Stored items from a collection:
*** Block opens ***
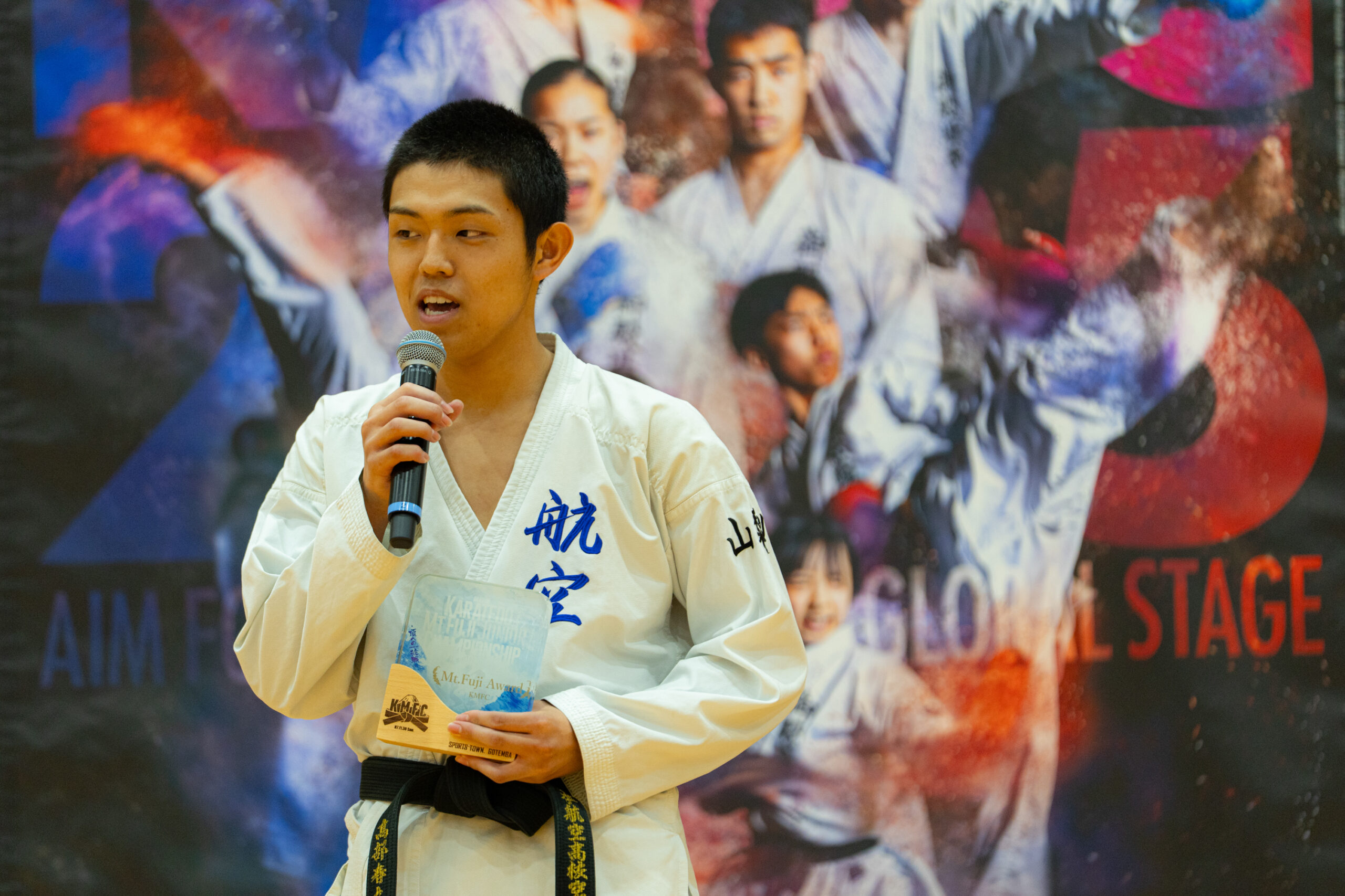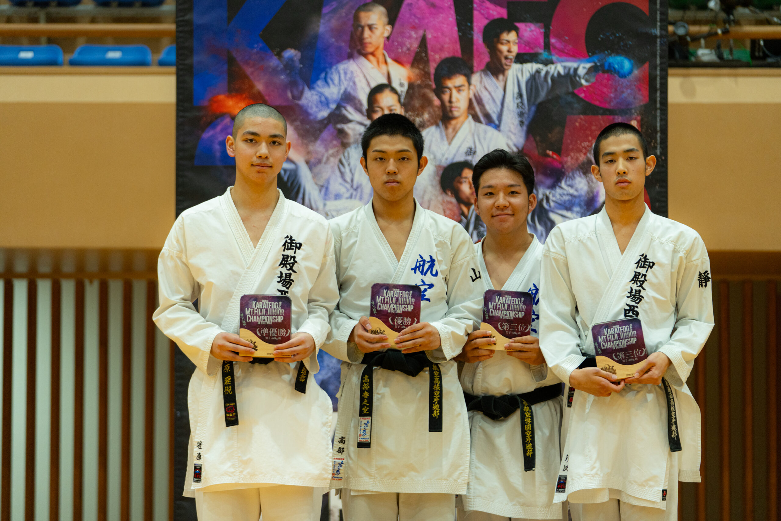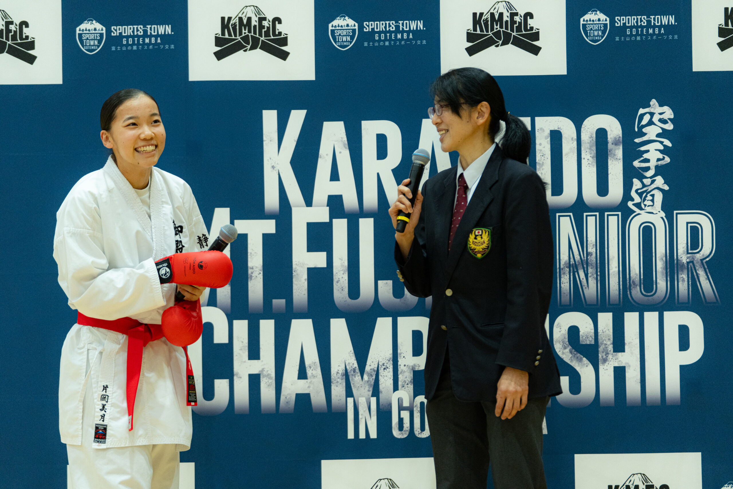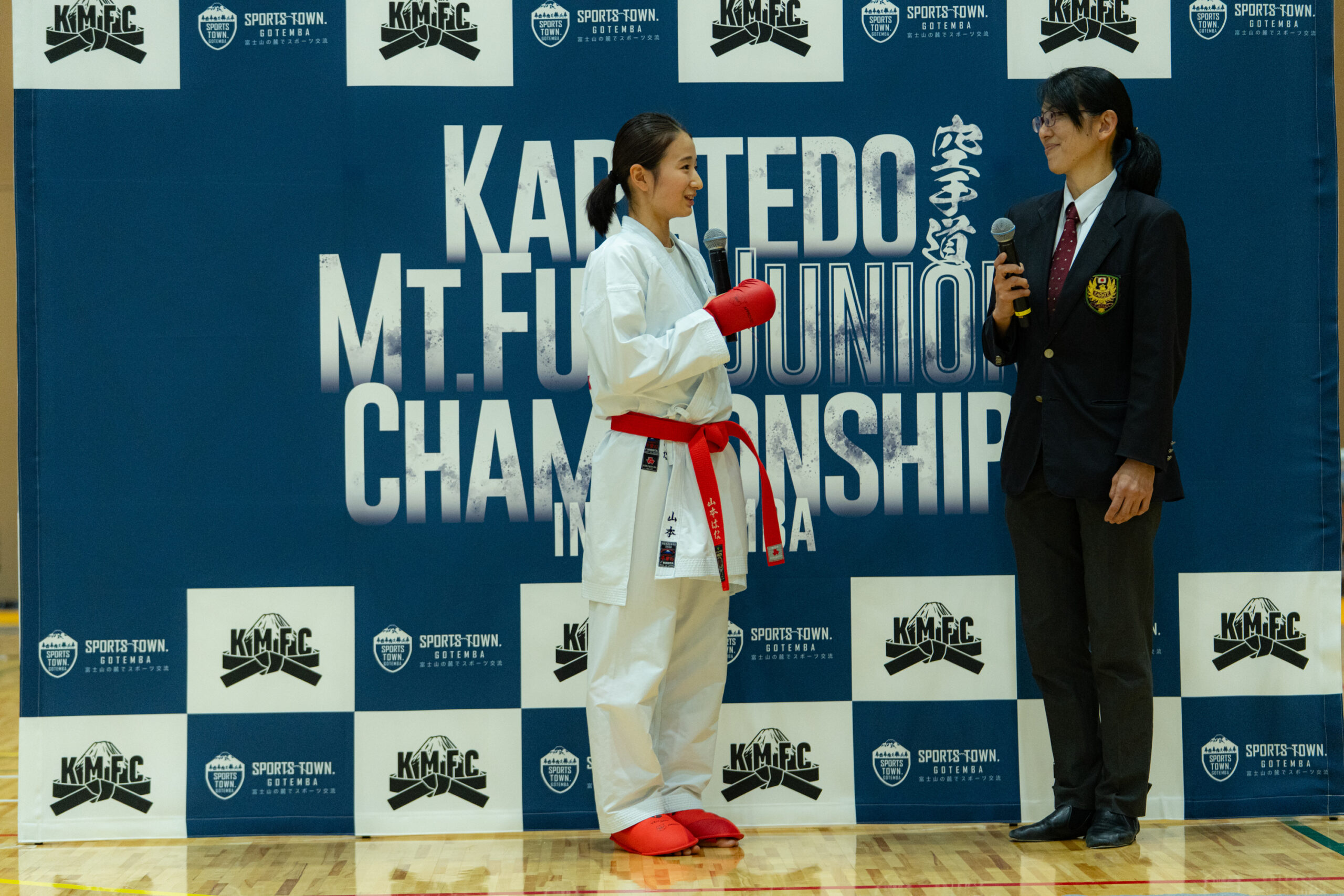 そのオリンピックレガシーを継承する大会として、令和7年11月30日(日)、御殿場市体育館にて「第四回 空手道 Karatedo Mt.Fuji Junior Championship in Gotemba(KMFC)」を開催しました。今年は出場校・選手数の増加、多数の協賛企業のご支援、優勝者インタビューの初導入など、これまでの三回を上回る進化を遂げました。
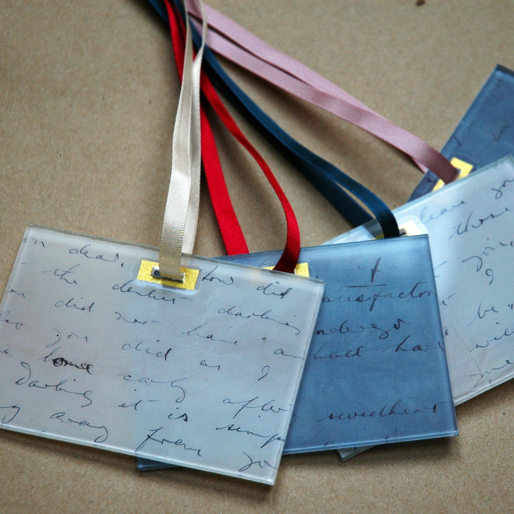 My work includes collections of small envelopes created from original love letters written during World War II. The acrylic valentines shown here use fragments of the letters and hang from coloured ribbons, inspired by the way the original letters were stored.
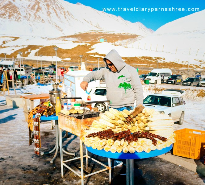 There are small shops selling local Georgian snacks to tourists. If you are traveling during the winter months, don’t forget to cover yourself with layers of woolens, boots, caps, and gloves, since the temperature near the Jvari pass is freezing cold.
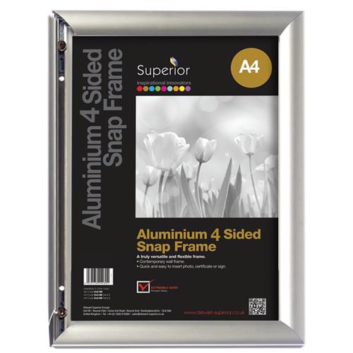A4Tech Seco A4 Brushed Aluminium Snap Frame Silver - AM9 AM9from £6.29 up to £27.36 Compare prices6→An Ideal Solution And Stylish Way For When You Require Attention And When You Want To Display Pictures Posters Documents Certificates Photos Marketing Advertisements Promotions Important Messages Etc. more→Ideal In Various Settings Whether This May Be At Your Business Office Schools Café Restaurants Stores Shopping Centres Cinemas Theatres Hospitals Etc. Easy Open Frame For Simple Changing Of Posters. No More Having To Take The Frame Down Remove The Back Panel And So-Forth. This Frame Allows You To Simply 'Snap Open' The Frame From The Front To Remove The Cover And Place Your Desired Display Straight In!Wall Mounting Means The Frame Is Ideal For Internal Or External Use. Holes Are Pre-Drilled …
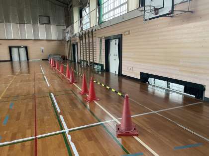 ひまわり組さんのスポーツ大会の会場は屋内運動場です。保護者の方は入り口付近のコーンの南側でご観覧ください。声援をよろしくお願いいたします。
*** Block closes ***
* The problem
Print, with pictures removed, exactly the lines of the records above from the top through the line containing "There are small".

* Task answer
 そのオリンピックレガシーを継承する大会として、令和7年11月30日(日)、御殿場市体育館にて「第四回 空手道 Karatedo Mt.Fuji Junior Championship in Gotemba(KMFC)」を開催しました。今年は出場校・選手数の増加、多数の協賛企業のご支援、優勝者インタビューの初導入など、これまでの三回を上回る進化を遂げました。
 My work includes collections of small envelopes created from original love letters written during World War II. The acrylic valentines shown here use fragments of the letters and hang from coloured ribbons, inspired by the way the original letters were stored.
 There are small shops selling local Georgian snacks to tourists. If you are traveling during the winter months, don’t forget to cover yourself with layers of woolens, boots, caps, and gloves, since the temperature near the Jvari pass is freezing cold.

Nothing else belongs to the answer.